Replies from: rhollerith_dot_com, cupholder
comment by RHollerith (rhollerith_dot_com) · 2010-04-14T22:26:16.890Z · LW(p) · GW(p)

Thanks for this comment, taw. I'd been wondering whether PCA is solid evidence that the Big Five personality traits carve reality at the joints.

Replies from: Unnamed
comment by Unnamed · 2010-04-15T01:47:04.355Z · LW(p) · GW(p)

The Big Five personality model was originally developed by researchers who raided dictionaries for every personality trait term that they could find, had people rate themselves (or others) on hundreds or even thousands of them, and kept finding this five factor solution that explained a lot of variance. Studies in other languages and cultures typically find similar results, although it doesn't always replicate perfectly (e.g., a missing factor, an extra factor or two, a slightly different meaning for one factor). In some ways it reflects people's lay theories of personality more strongly than actual personality, so it might share some widespread blind spots or misconceptions, but it was constructed in a thorough, systematic way (and there is evidence that each factor predicts behaviors, so it can't be too wildly off).

comment by cupholder · 2010-04-14T22:34:42.651Z · LW(p) · GW(p)

Good point, thanks.

comment by MichaelVassar · 2010-04-14T18:37:51.938Z · LW(p) · GW(p)

This makes sense to me, but my ratings would be very different from yours. Also, is your rating for Western Europe 1900 colored by hindsight of two world wars, viral encephalitis, spanish flu and the rise to domination of the bureaucratic state? How clear are you being about socio-economic class? Are we just assuming the population distributions that existed? If so, ancient world slavery might make it less appealing than the Paleolithic I think.
As noted, time travel is problematic, but in what sense could a Paleolithic person 'be' me.

Replies from: taw
comment by taw · 2010-04-14T21:34:06.307Z · LW(p) · GW(p)

Also, is your rating for Western Europe 1900 colored by hindsight of two world wars, viral encephalitis, spanish flu and the rise to domination of the bureaucratic state?

Definitely not, I estimate that in most parallel universes such things didn't happen. They're very low likelihood was very strong expert consensus of the time, and we really don't have any new knowledge leading us to believe that they were likely.

Replies from: Academian
comment by Academian · 2010-04-18T22:26:23.816Z · LW(p) · GW(p)

Well they're at least more likely then our priors for them... they happened.

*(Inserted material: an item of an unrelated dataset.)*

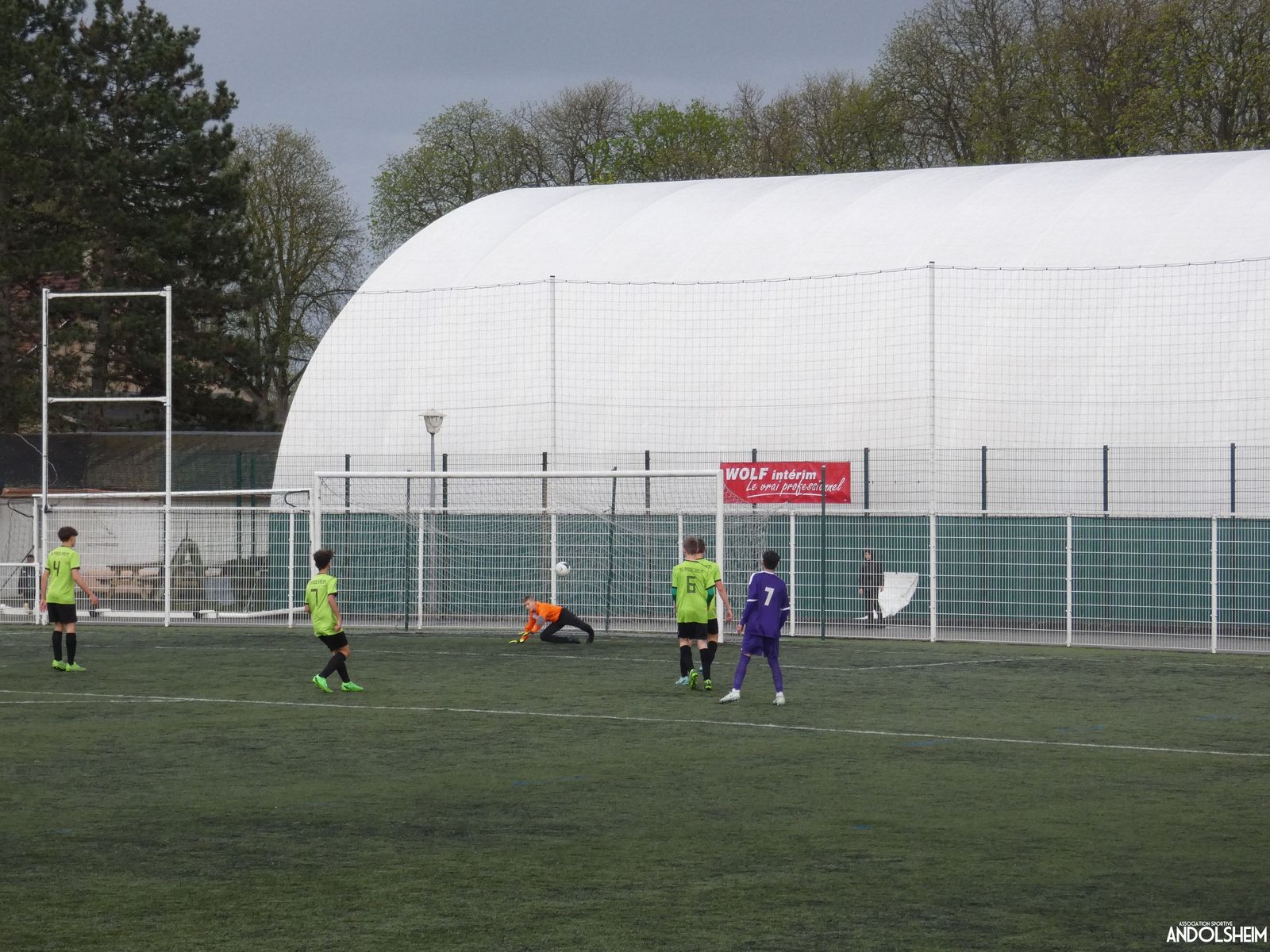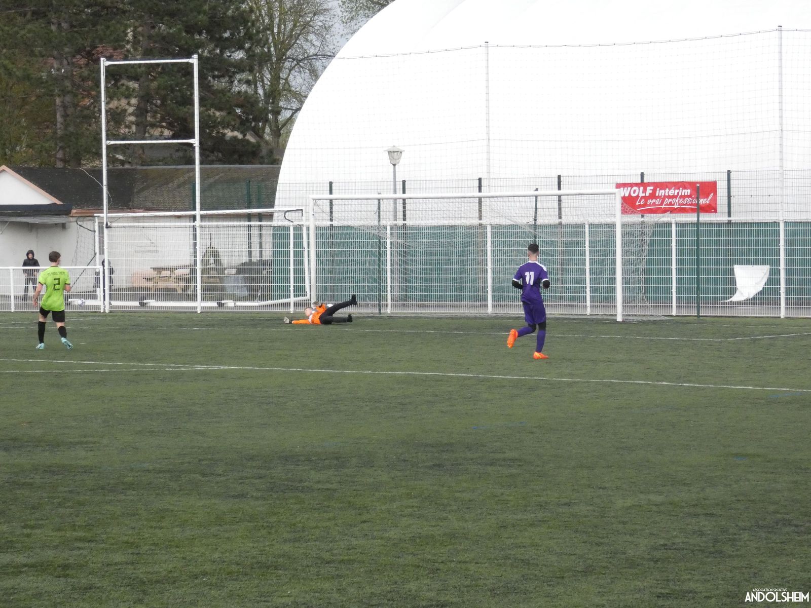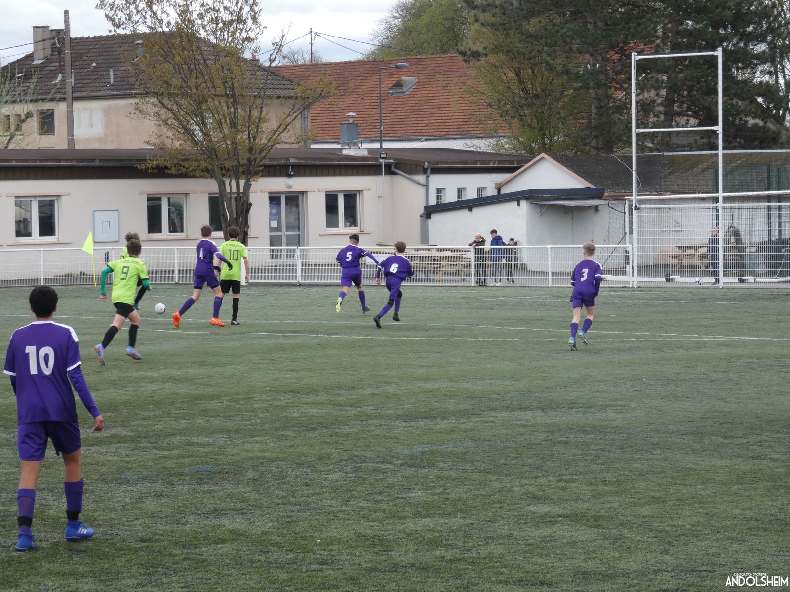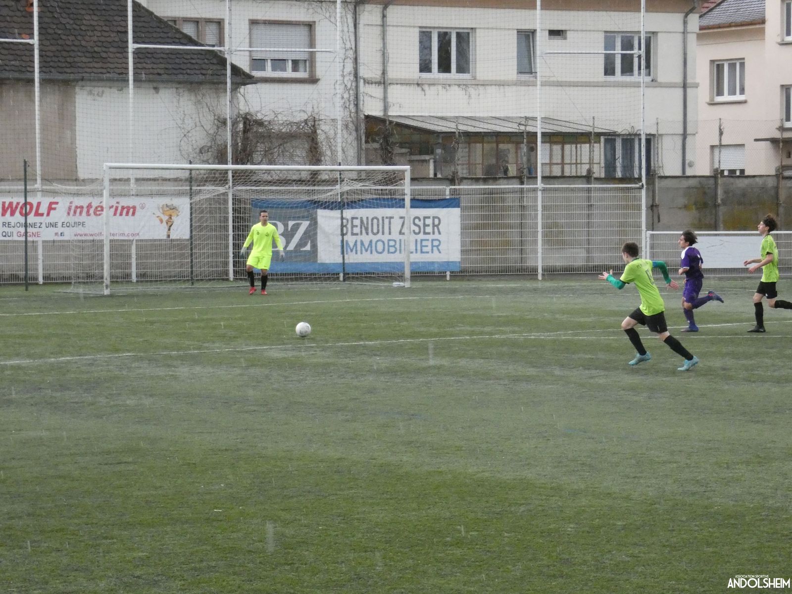 Nos « Verts » sont en place en ce début de rencontre et essaient de construire sur cette surface rapide. Mais dès la cinquième minute, ils commettent un premier impair et se font piéger par l’opportunisme des adversaires, 1-0. Les Violets jouent un jeu long et profitent de tous les contres en s’appuyant essentiellement sur leur numéro 7. Nos jeunes pousses perdent trop de ballons pour inquiéter la défense adverse. Les Violets aggravent encore le score par deux fois avec le même schéma de jeu. Notre portier, dernier et seul défenseur, perd malheureusement ses duels. Manifestement, il y a un gros trou dans la raquette de notre défense centrale. Sur un coup franc, Lucas ouvre enfin le score pour Andolsheim ! Quelques minutes plus tard, dans les mêmes conditions, il ne cadre pas pour son doublé. Dommage…

Even with only a tiny prior that a coin is heads-biased, it landing heads is evidence for it.

Replies from: taw
comment by taw · 2010-04-19T10:55:28.896Z · LW(p) · GW(p)

You're privileging a hypothesis of events that happened. It was never 50% current world:50% something else - then add the fact that current world happened, and we're over 50% line.

Plenty of things which have happened had negligibly low probabilities.